** Stored items from a collection **

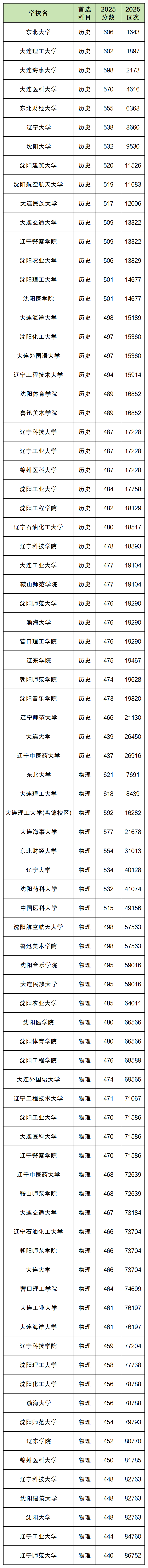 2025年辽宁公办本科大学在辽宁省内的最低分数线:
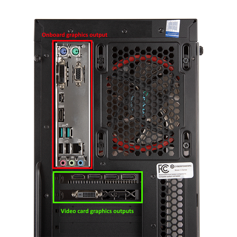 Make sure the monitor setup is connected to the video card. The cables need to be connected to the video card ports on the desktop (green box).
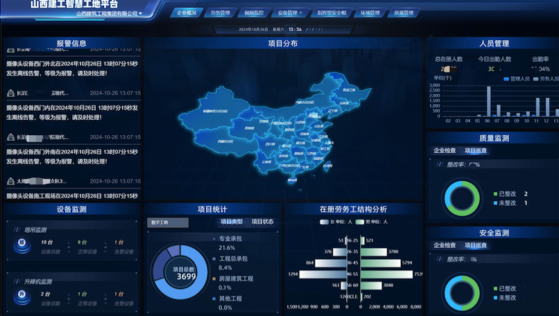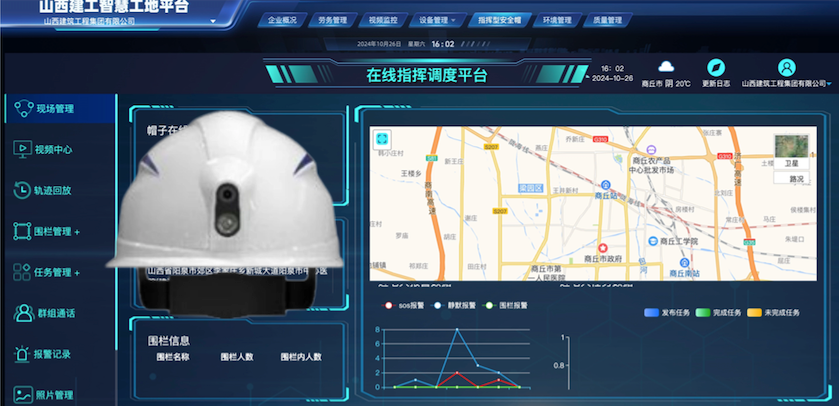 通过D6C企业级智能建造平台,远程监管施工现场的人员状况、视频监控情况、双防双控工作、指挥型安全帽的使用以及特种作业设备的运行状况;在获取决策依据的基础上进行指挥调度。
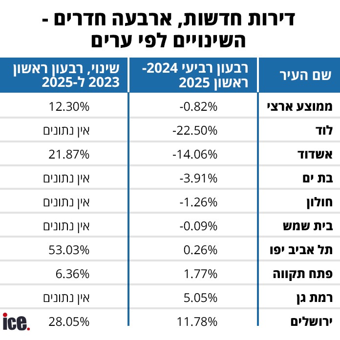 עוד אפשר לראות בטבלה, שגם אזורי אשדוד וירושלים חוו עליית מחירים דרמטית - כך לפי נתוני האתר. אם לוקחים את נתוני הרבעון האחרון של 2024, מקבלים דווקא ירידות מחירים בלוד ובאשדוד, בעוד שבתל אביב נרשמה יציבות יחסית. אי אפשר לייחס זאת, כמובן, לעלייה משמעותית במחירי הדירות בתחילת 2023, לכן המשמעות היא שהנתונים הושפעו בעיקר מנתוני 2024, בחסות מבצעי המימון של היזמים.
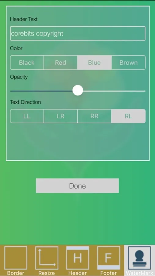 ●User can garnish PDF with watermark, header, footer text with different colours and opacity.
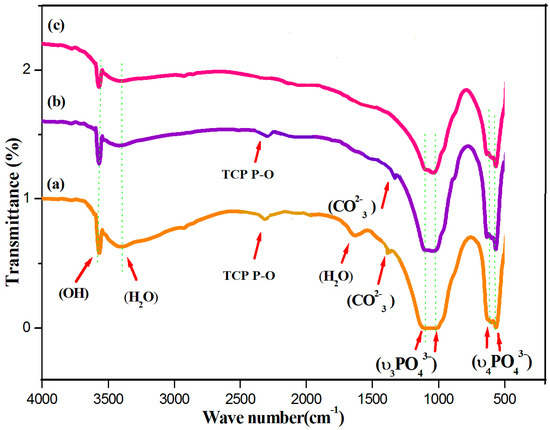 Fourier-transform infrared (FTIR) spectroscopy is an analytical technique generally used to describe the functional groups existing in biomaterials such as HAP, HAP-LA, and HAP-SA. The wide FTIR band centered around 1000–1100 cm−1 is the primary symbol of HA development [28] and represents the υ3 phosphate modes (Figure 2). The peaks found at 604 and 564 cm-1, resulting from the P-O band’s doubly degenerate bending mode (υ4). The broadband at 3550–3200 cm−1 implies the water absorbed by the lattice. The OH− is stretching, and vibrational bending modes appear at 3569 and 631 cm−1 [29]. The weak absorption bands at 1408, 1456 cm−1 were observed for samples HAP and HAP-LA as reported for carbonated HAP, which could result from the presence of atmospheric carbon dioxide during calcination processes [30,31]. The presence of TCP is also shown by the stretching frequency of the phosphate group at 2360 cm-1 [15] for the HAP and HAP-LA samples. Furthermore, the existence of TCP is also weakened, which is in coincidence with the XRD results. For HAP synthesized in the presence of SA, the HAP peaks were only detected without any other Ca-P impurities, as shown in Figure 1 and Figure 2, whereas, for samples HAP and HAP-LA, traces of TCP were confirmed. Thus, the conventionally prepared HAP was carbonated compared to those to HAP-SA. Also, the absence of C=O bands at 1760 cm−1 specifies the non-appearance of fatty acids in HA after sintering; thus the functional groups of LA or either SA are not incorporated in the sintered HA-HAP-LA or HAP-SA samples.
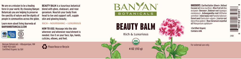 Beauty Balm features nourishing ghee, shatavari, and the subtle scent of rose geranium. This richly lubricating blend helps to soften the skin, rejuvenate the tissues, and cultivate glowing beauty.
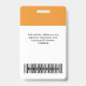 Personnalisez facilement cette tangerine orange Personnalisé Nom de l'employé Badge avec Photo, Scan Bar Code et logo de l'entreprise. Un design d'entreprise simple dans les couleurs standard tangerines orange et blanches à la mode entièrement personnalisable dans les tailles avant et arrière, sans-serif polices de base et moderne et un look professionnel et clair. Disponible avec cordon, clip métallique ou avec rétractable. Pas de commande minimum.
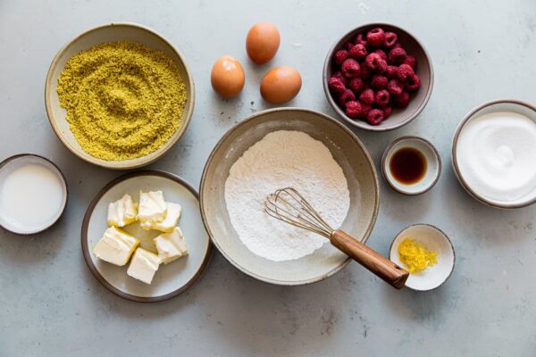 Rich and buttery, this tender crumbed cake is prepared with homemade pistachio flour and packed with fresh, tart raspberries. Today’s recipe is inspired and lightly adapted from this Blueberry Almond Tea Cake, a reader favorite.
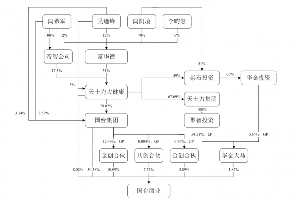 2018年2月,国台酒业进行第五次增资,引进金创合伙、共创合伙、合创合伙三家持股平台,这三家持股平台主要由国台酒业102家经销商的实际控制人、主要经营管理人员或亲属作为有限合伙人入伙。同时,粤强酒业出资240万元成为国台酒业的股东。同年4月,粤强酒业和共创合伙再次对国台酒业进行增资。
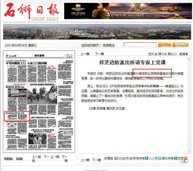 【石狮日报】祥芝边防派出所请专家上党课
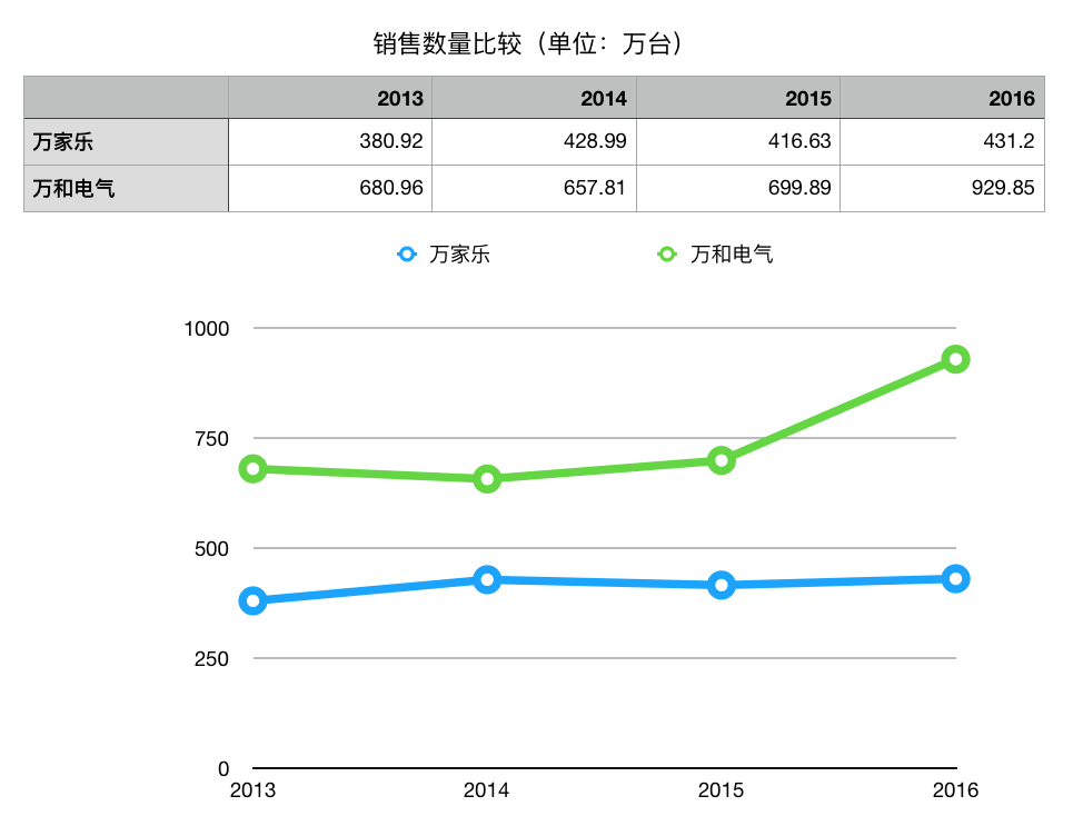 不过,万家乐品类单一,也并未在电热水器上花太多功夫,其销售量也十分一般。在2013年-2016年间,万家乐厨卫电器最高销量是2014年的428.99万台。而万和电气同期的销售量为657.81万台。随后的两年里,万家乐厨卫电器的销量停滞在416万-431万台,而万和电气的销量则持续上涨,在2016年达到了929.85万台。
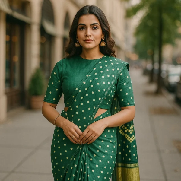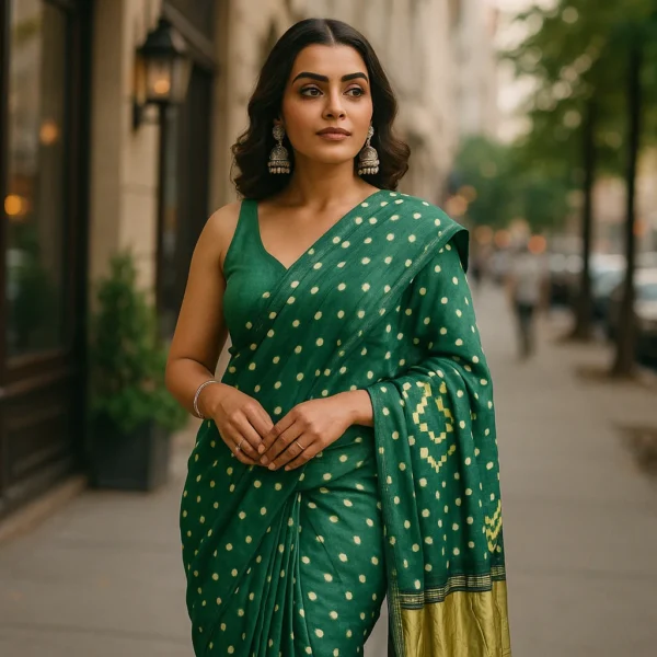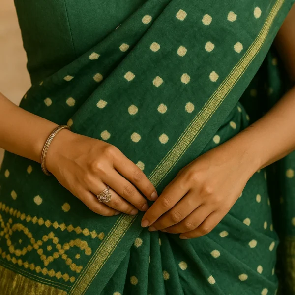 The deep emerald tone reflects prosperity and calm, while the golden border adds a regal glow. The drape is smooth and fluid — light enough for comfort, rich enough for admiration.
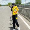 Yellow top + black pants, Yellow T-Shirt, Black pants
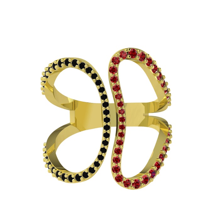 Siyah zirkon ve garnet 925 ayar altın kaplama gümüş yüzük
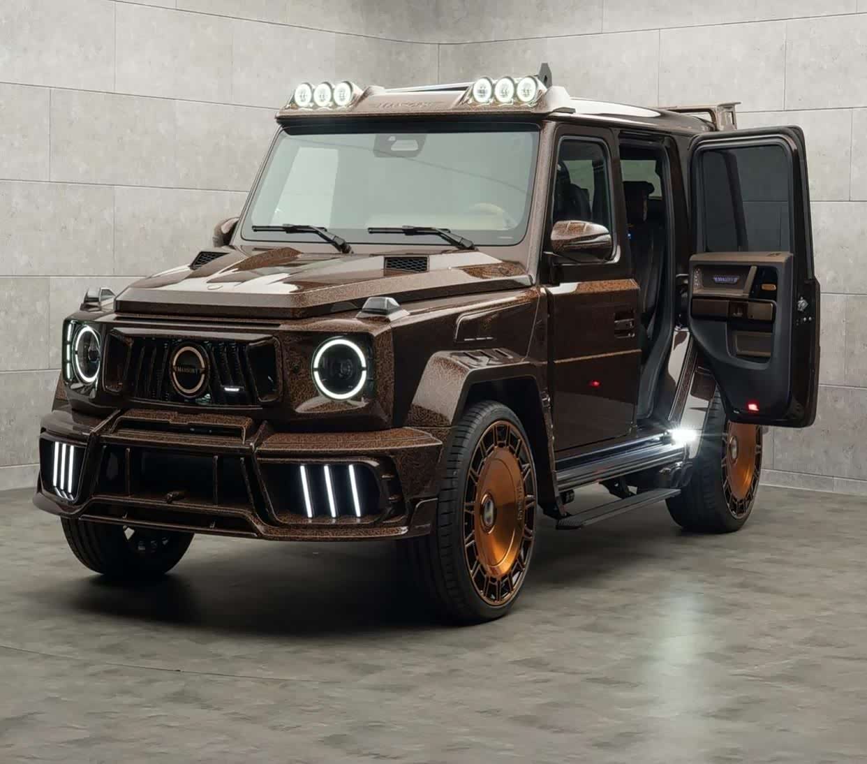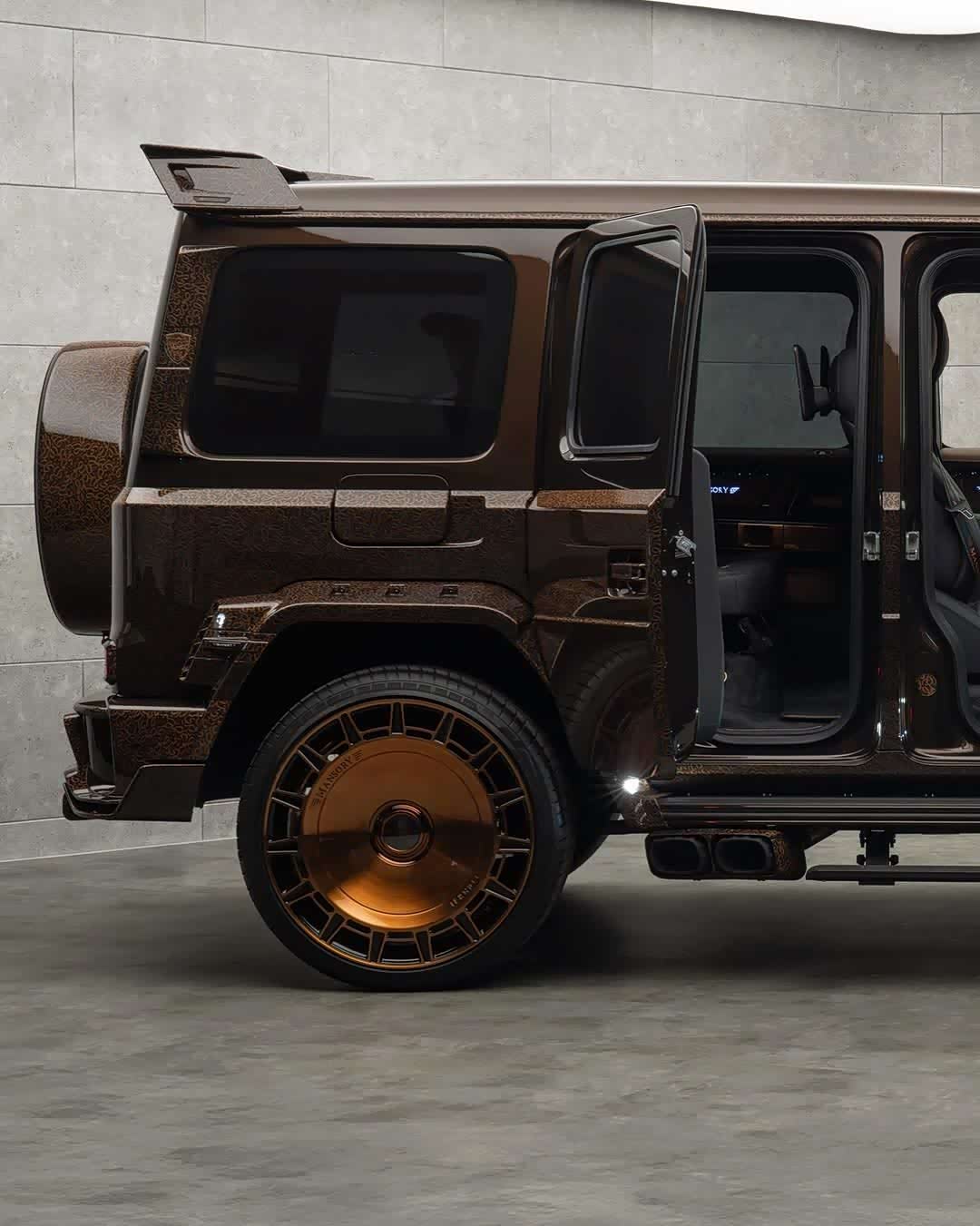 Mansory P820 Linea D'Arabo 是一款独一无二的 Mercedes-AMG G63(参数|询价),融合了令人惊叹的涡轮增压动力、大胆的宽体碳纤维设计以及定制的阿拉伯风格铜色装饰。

** EXERCISE OBJECTIVE **
The reply should hold exactly the lines above, starting at the line with "עוד אפשר לראות" and ending at the line with "Beauty Balm features", and no pictures.

** SOLVED EXERCISE **
 עוד אפשר לראות בטבלה, שגם אזורי אשדוד וירושלים חוו עליית מחירים דרמטית - כך לפי נתוני האתר. אם לוקחים את נתוני הרבעון האחרון של 2024, מקבלים דווקא ירידות מחירים בלוד ובאשדוד, בעוד שבתל אביב נרשמה יציבות יחסית. אי אפשר לייחס זאת, כמובן, לעלייה משמעותית במחירי הדירות בתחילת 2023, לכן המשמעות היא שהנתונים הושפעו בעיקר מנתוני 2024, בחסות מבצעי המימון של היזמים.
 ●User can garnish PDF with watermark, header, footer text with different colours and opacity.
 Fourier-transform infrared (FTIR) spectroscopy is an analytical technique generally used to describe the functional groups existing in biomaterials such as HAP, HAP-LA, and HAP-SA. The wide FTIR band centered around 1000–1100 cm−1 is the primary symbol of HA development [28] and represents the υ3 phosphate modes (Figure 2). The peaks found at 604 and 564 cm-1, resulting from the P-O band’s doubly degenerate bending mode (υ4). The broadband at 3550–3200 cm−1 implies the water absorbed by the lattice. The OH− is stretching, and vibrational bending modes appear at 3569 and 631 cm−1 [29]. The weak absorption bands at 1408, 1456 cm−1 were observed for samples HAP and HAP-LA as reported for carbonated HAP, which could result from the presence of atmospheric carbon dioxide during calcination processes [30,31]. The presence of TCP is also shown by the stretching frequency of the phosphate group at 2360 cm-1 [15] for the HAP and HAP-LA samples. Furthermore, the existence of TCP is also weakened, which is in coincidence with the XRD results. For HAP synthesized in the presence of SA, the HAP peaks were only detected without any other Ca-P impurities, as shown in Figure 1 and Figure 2, whereas, for samples HAP and HAP-LA, traces of TCP were confirmed. Thus, the conventionally prepared HAP was carbonated compared to those to HAP-SA. Also, the absence of C=O bands at 1760 cm−1 specifies the non-appearance of fatty acids in HA after sintering; thus the functional groups of LA or either SA are not incorporated in the sintered HA-HAP-LA or HAP-SA samples.
 Beauty Balm features nourishing ghee, shatavari, and the subtle scent of rose geranium. This richly lubricating blend helps to soften the skin, rejuvenate the tissues, and cultivate glowing beauty.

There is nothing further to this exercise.